Goal of the exercise – Every record below must be copied exactly, with images dropped.

*** Task inputs ***

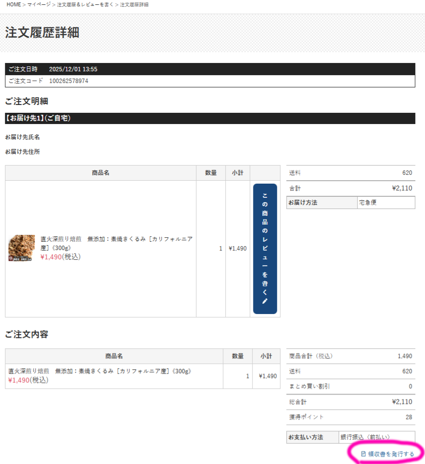 会員登録をされていないお客様は、マイページの履歴から備考欄へ領収書発行の旨<宛名や但し書き>をご指示いただければ幸いです。
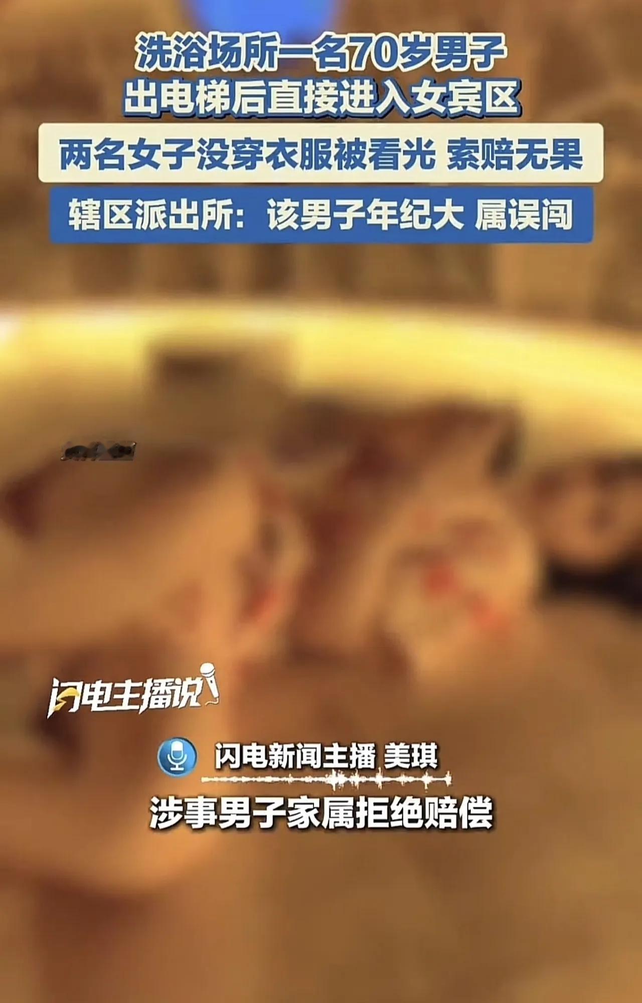 “70岁老人眼花走错,凭啥要赔偿?”吉林这起洗浴中心风波,真的让人气不打一处来! 关女士和朋友兴冲冲去洗浴中心放松,洗完澡正光着身子在更衣室准备穿衣,突然一个陌生男子推门就闯进了女浴室,还直直看了她俩一眼才转身离开。 这一下可把两人吓得够呛,又羞又气,隐私被当众看光,换谁都没法接受!穿好衣服后,关女士立马找洗浴中心讨说法,还直接报了警。 洗浴中心调了监控,画面里显示男子从电梯出来后,直奔女浴室,之后快速退出,看着确实像走错了。可关女士觉得,不管是故意还是误入,自己受了委屈,就得要个说法,于是提出让洗浴中心和涉事男子赔偿。 没成想,索赔直接被双重拒绝!洗浴中心一口咬定自己没责任,涉事男子的家属更是理直气壮,说老人都70多岁了,年纪大眼花,走错浴室太正常了,没必要揪着不放。 警方调查后,也认定男子是误入女浴室,并非故意偷窥,可这样的结果,关女士根本没法认同。 其实这事里,法律上的责任边界很清晰,可不是一句“走错了”“年纪大”就能免责的! 首先洗浴中心肯定跑不了责任,《民法典》明确规定,经营场所必须尽到安全保障义务,洗浴中心得在显眼处设清晰的男女浴室提示牌,必要时还要有工作人员引导,男子能轻松闯进女浴室,明显是管理有漏洞,没尽到该尽的义务,自然要承担赔偿责任。 再说说这位70岁的老人,虽然《治安管理处罚法》里提到,70周岁以上违反治安管理,即便该拘留也不执行,但这只针对行政处罚,民事责任一点都不能少! 老人只要精神正常,就是完全民事行为能力人,女浴室门口都有明确标识,他没看清闯入,本身就有过失,侵犯了别人的隐私权,就该赔礼道歉,甚至承担相应的精神损失赔偿,家属拿年纪大当挡箭牌,在法律上根本站不住脚。 现在关女士的维权路还没个结果,这事也引发了不少讨论,有人说老人不是故意的,赔个不是就行,没必要要赔偿;也有人怒怼,年纪大不是免罪金牌,隐私受侵犯就该维权;还有人反问,要是换成女性走错男浴室,家属还能这么硬气不赔偿吗? 你觉得关女士索赔过分吗?70岁老人误入该担民事责任吗?洗浴中心的责任是不是最大?欢迎评论区聊聊~ 来源:综合自网络新闻报道及法律公开条文
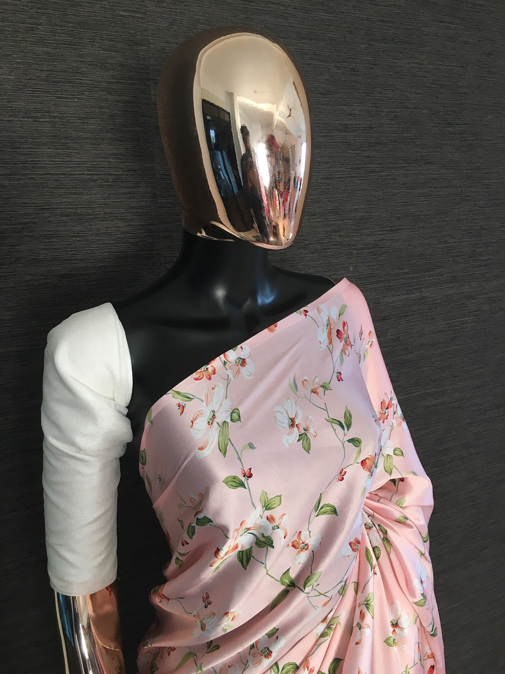 पीच कलर फ्लोरल डिजिटल प्रिंटेड जापान साटन साड़ी
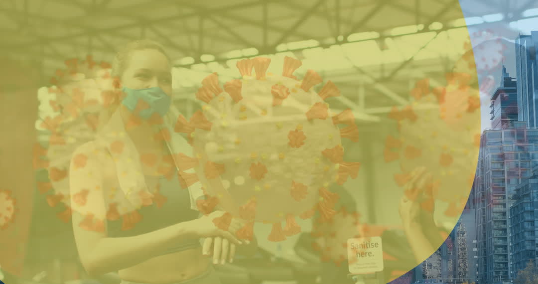 Digital animation illustrating diverse individuals and cityscapes interwoven with stylized virus cells and abstract shapes, conveying themes of global pandemic impact and unity. Ideal for projects about COVID-19 awareness, community health, and urban lifestyle adaptations.
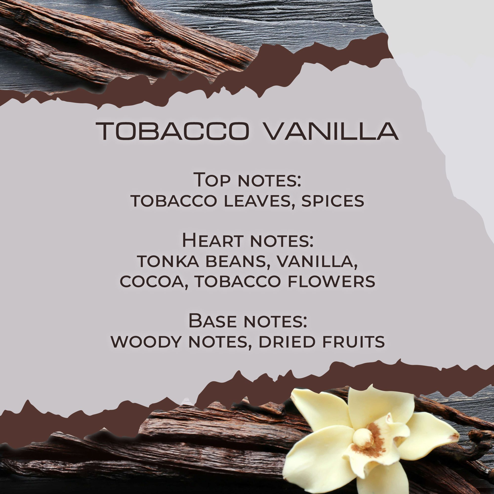 A fragrance of medium intensity. Notes of spices and tobacco leaves gradually unfold into a rich, delicate aroma of vanilla and cocoa. The trail manifests in translucent notes of woody bark and dried fruits. In an enclosed space, TOBACCO VANILLA spreads smoothly, with the peak of the aroma being most pronounced in the first minutes of entering the room.

*** End of Task inputs ***

Exercise output –
 会員登録をされていないお客様は、マイページの履歴から備考欄へ領収書発行の旨<宛名や但し書き>をご指示いただければ幸いです。
 “70岁老人眼花走错,凭啥要赔偿?”吉林这起洗浴中心风波,真的让人气不打一处来! 关女士和朋友兴冲冲去洗浴中心放松,洗完澡正光着身子在更衣室准备穿衣,突然一个陌生男子推门就闯进了女浴室,还直直看了她俩一眼才转身离开。 这一下可把两人吓得够呛,又羞又气,隐私被当众看光,换谁都没法接受!穿好衣服后,关女士立马找洗浴中心讨说法,还直接报了警。 洗浴中心调了监控,画面里显示男子从电梯出来后,直奔女浴室,之后快速退出,看着确实像走错了。可关女士觉得,不管是故意还是误入,自己受了委屈,就得要个说法,于是提出让洗浴中心和涉事男子赔偿。 没成想,索赔直接被双重拒绝!洗浴中心一口咬定自己没责任,涉事男子的家属更是理直气壮,说老人都70多岁了,年纪大眼花,走错浴室太正常了,没必要揪着不放。 警方调查后,也认定男子是误入女浴室,并非故意偷窥,可这样的结果,关女士根本没法认同。 其实这事里,法律上的责任边界很清晰,可不是一句“走错了”“年纪大”就能免责的! 首先洗浴中心肯定跑不了责任,《民法典》明确规定,经营场所必须尽到安全保障义务,洗浴中心得在显眼处设清晰的男女浴室提示牌,必要时还要有工作人员引导,男子能轻松闯进女浴室,明显是管理有漏洞,没尽到该尽的义务,自然要承担赔偿责任。 再说说这位70岁的老人,虽然《治安管理处罚法》里提到,70周岁以上违反治安管理,即便该拘留也不执行,但这只针对行政处罚,民事责任一点都不能少! 老人只要精神正常,就是完全民事行为能力人,女浴室门口都有明确标识,他没看清闯入,本身就有过失,侵犯了别人的隐私权,就该赔礼道歉,甚至承担相应的精神损失赔偿,家属拿年纪大当挡箭牌,在法律上根本站不住脚。 现在关女士的维权路还没个结果,这事也引发了不少讨论,有人说老人不是故意的,赔个不是就行,没必要要赔偿;也有人怒怼,年纪大不是免罪金牌,隐私受侵犯就该维权;还有人反问,要是换成女性走错男浴室,家属还能这么硬气不赔偿吗? 你觉得关女士索赔过分吗?70岁老人误入该担民事责任吗?洗浴中心的责任是不是最大?欢迎评论区聊聊~ 来源:综合自网络新闻报道及法律公开条文
 पीच कलर फ्लोरल डिजिटल प्रिंटेड जापान साटन साड़ी
 Digital animation illustrating diverse individuals and cityscapes interwoven with stylized virus cells and abstract shapes, conveying themes of global pandemic impact and unity. Ideal for projects about COVID-19 awareness, community health, and urban lifestyle adaptations.
 A fragrance of medium intensity. Notes of spices and tobacco leaves gradually unfold into a rich, delicate aroma of vanilla and cocoa. The trail manifests in translucent notes of woody bark and dried fruits. In an enclosed space, TOBACCO VANILLA spreads smoothly, with the peak of the aroma being most pronounced in the first minutes of entering the room.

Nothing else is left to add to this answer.